MSC ship completes first U.S. Navy ship visit to Vietnam port in 38 years

 

Military Sealift Command dry cargo/ammunition ship USNS Richard E. Byrd left Cam Ranh Bay in southern Vietnam today, marking the end of a historic visit – the first by a U.S. Navy ship to the port in more than three decades.


Byrd (pictured at right) spent seven days at Cam Ranh Shipyard for routine maintenance and repairs that included underwater hull cleaning, polishing of the ship’s propeller, repairing shipboard piping, and overhaul of the salt water cooling system that keeps the ship’s engines cool and runs the air conditioning.
Cam Ranh Bay is 180 miles north of Ho Chi Minh City, formerly called Saigon.

 

From 1965 to 1973, Cam Ranh Bay was one of the largest in-country U.S. military facilities during the Vietnam War.


MSC Ship Support Unit Singapore routinely contracts shipyards throughout Southeast Asia to conduct maintenance and repairs on the command’s Combat Logistics Force ships. The Navy saves both time and money by using multiple commercial shipyards throughout the region, reducing transit times to more distant shipyards, and thereby also reducing the amount of time these ships are off-mission.


“Working at Cam Ranh Bay provides the U.S. Navy with an additional option to repair our ships efficiently and in a cost effective manner,” said Navy Lt. Cmdr. Mike Little, officer in charge of MSC SSU Singapore. In addition, these ship visits foster positive relations between the U.S. and Vietnam.
“The U.S. Navy’s return to a port symbolic of the Vietnam conflict proves that our two countries have come a long way in building relations over recent years,” said Byrd’s civil service master Capt. Lee Apsley. The U.S. normalized diplomatic relations with Vietnam in 1995.

 

Cam Ranh Bay is a deep-water and sheltered harbor which can easily accommodate larger naval vessels with deep drafts. Byrd measures more than 680 feet in length and displaces more than 41,000 tons.

 

“Maintenance was conducted efficiently and in a timely manner,” said MSC SSU Singapore port engineer Anh Ho, who was on site to oversee the repairs.
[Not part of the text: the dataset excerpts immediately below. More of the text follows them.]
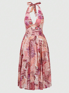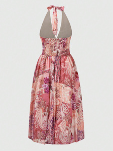 独立したサイト shein2025 新しい夏の女性の花柄バックレスハイウエストエレガントなミドル丈スカート
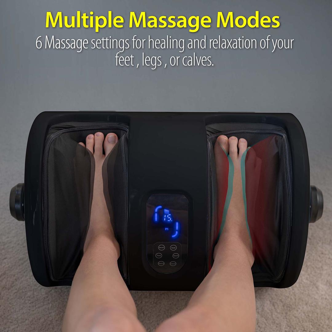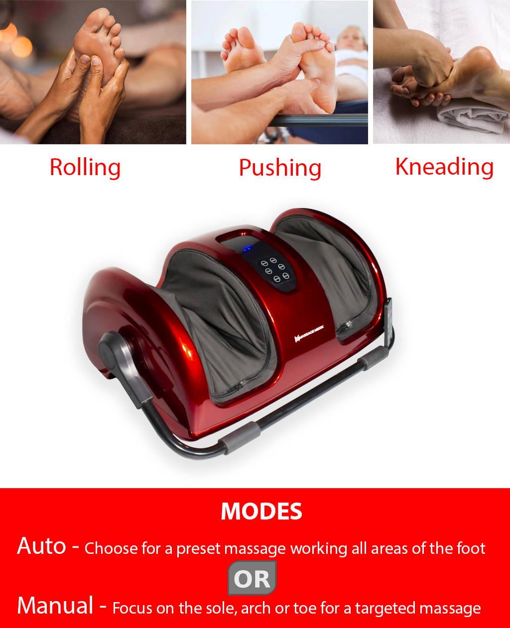 6 Massage settings for healing and relaxation of your feet, legs, or calves. Settle your feet and enjoy a deep, therapeutic massage by pressing the Auto button for 3 different modes that target the toe, arch, and sole of your feet
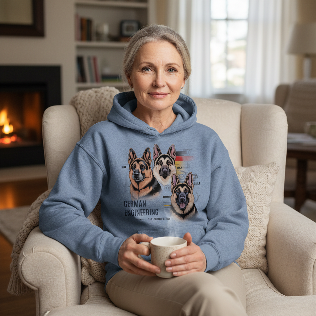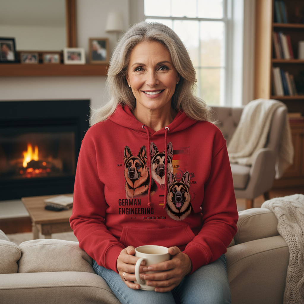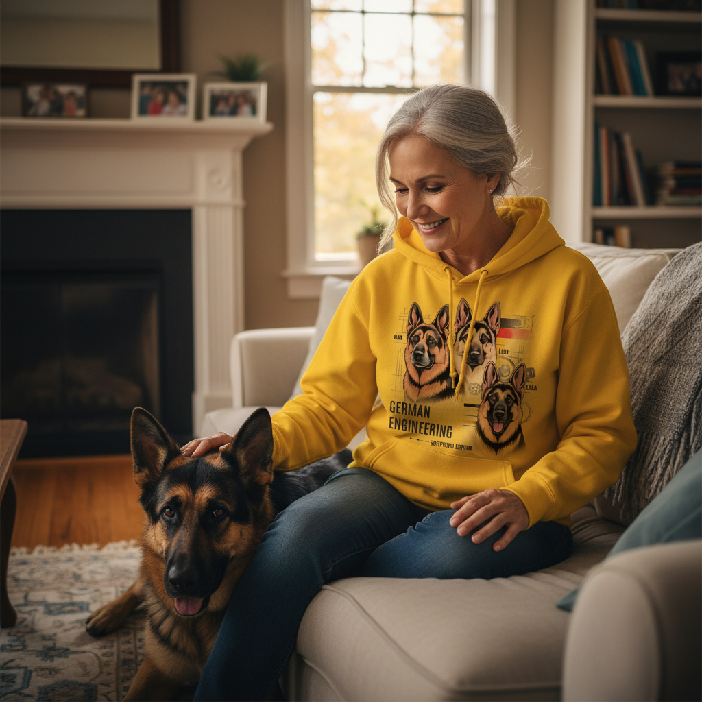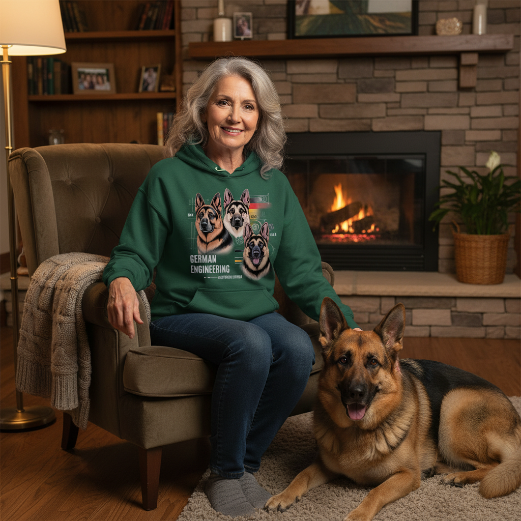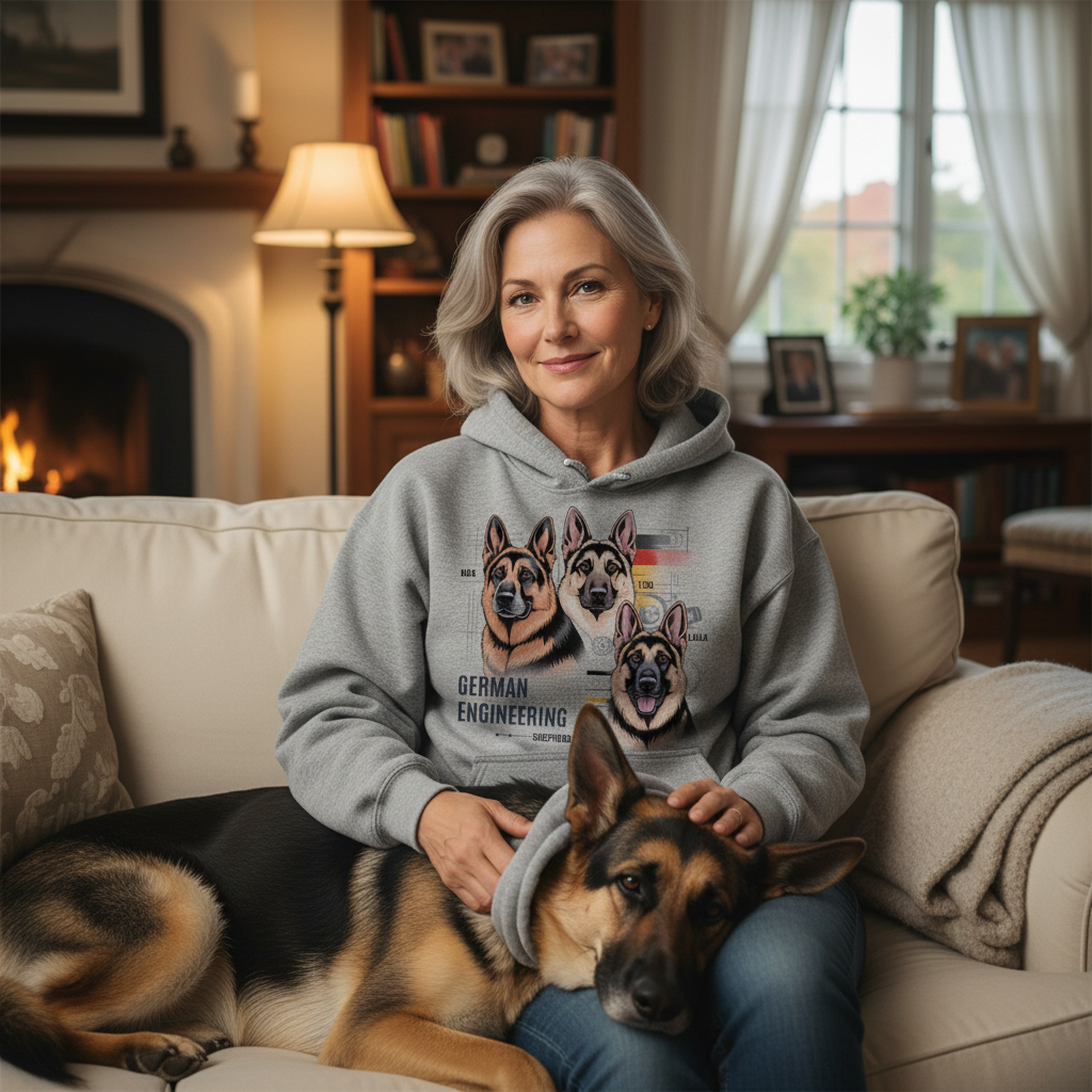 Her “German Engineering Shepherd Edition” hoodie honors a dog built for loyalty, courage, and loving his mom above all else.

Byrd’s repairs in Vietnam are the third such repairs on MSC vessels in that country over the last two years: rescue and salvage ship USNS Safeguard completed repairs at Saigon Shipmarin Shipyard near Ho Chi Minh City in September of 2009. Cam Ranh Shipyard performed maintenance on Byrd in March of last year, but the work was performed at Van Phong Bay, located about 80 miles north of Cam Ranh Bay.

Work was completed Aug. 22 and Byrd got underway today out of the harbor to return to normal duties as one of U.S. 7th Fleet’s primary supply vessels operating in the Western Pacific.
Byrd is one of MSC’s eleven dry cargo/ammunition ships that operate worldwide delivering ammunition, provisions, stores, spare parts, potable water and petroleum products to U.S. Navy ships at sea.

MSC operates approximately 110 noncombatant, U.S. merchant mariner-crewed ships that replenish U.S. Navy ships, conduct specialized missions, strategically preposition combat cargo at sea around the world, and move military cargo and supplies used by deployed U.S. forces and coalition partners.